Moments later she emerged from the bathroom in an old school shirt and mesh shorts, her bare feet padding on the heated kitchen tiles; her hair still set in its elaborate twist, diamond studs in each ear. She knew she looked absurd, but she couldn’t find it in her to care.

“I got you all set up in the blue room, the one at the base of the stairs,” Cord told her as she returned. “Let me know if you need anything.”

“Wait,” Avery blurted out as he started toward his room. Cord turned to look at her. She glanced hopefully at the couch. “Any chance you want to stay up for a while?” Just until her mind stopped whirling so frantically, until she could wipe her stupid fight with Atlas—all the pettiness between them—from her brain.

“Sure, yeah,” he said, still watching her.

Avery nestled into her old favorite corner of the couch and pulled her knees up to her chest. Cord sank down next to her, an arm’s length of space between them. His bow tie was loosened, his vest unbuttoned, his sleeves rolled up to his elbows. It all cast his profile in a slightly rakish air.
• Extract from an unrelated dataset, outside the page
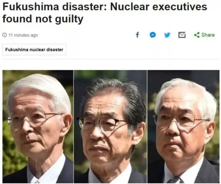 自2011年福岛核事故到今天,9年过去了,日本上到政府,下到东电公司,有一个人站出来承担责任了吗?有一个人被处置了吗?事故发生后,东京电力公司3名前高管被检方以“业务上过失致人死伤罪”起诉。但是到了2019年9月19日,东京地方法院宣判3人均无罪。

“Do you want to talk about what’s going on,” he asked, “or should we watch a loud, dumb holo instead?”

“Loud, dumb holo. The more explosions, the better,” Avery said, with an attempt at a smile.

She couldn’t believe Atlas hadn’t pinged her or flickered her even once. What was he doing? And why couldn’t she stop thinking about him, since it hurt her so damned much?

“Loud, dumb holo it is.” Cord waved his hands in the air to call up the on-demand menu, then turned to her, his clear blue eyes lit up with a quiet intensity. The full weight of it was almost too much for Avery to bear. “Whatever’s going on, Avery, you know I’m always here if you want to talk about it.”

“Thanks.” For some reason she had to look away from Cord or she might cry. The holoscreen lit up with a hoverchase scene, and she stared at it gratefully, trying to lose herself in the mindless glowing action sequence. Maybe if she focused on the confusion on the screen, she could ignore the tangled, tender mess that her life had become.

Avery realized that the last time she’d been alone with Cord was months ago, when he’d told her that he and Eris had broken up—and she’d figured out that he liked someone new.

“Hey,” she said, eager to think about something else, “what ended up happening with you and that girl?”

Cord blinked, clearly startled. “You mean Rylin? It didn’t work out.”

“Wait—Rylin Myers, who now goes to our school? You were datingher?” The girl from the roof? How had she become so entwined in all of their lives?

“I was, until she lied to me.” Cord looked as if he wanted to be angry, but all he could call up was a wounded sort of regret. Avery knew the feeling. “It’s just hard to get past. I’m not sure how to trust her again, you know?”

“I do know.” She looked away.

“Hang on.” Cord vanished down the hallway, only to return holding a tapered gold candle, covered in flecks of glitter that caught and refracted the light.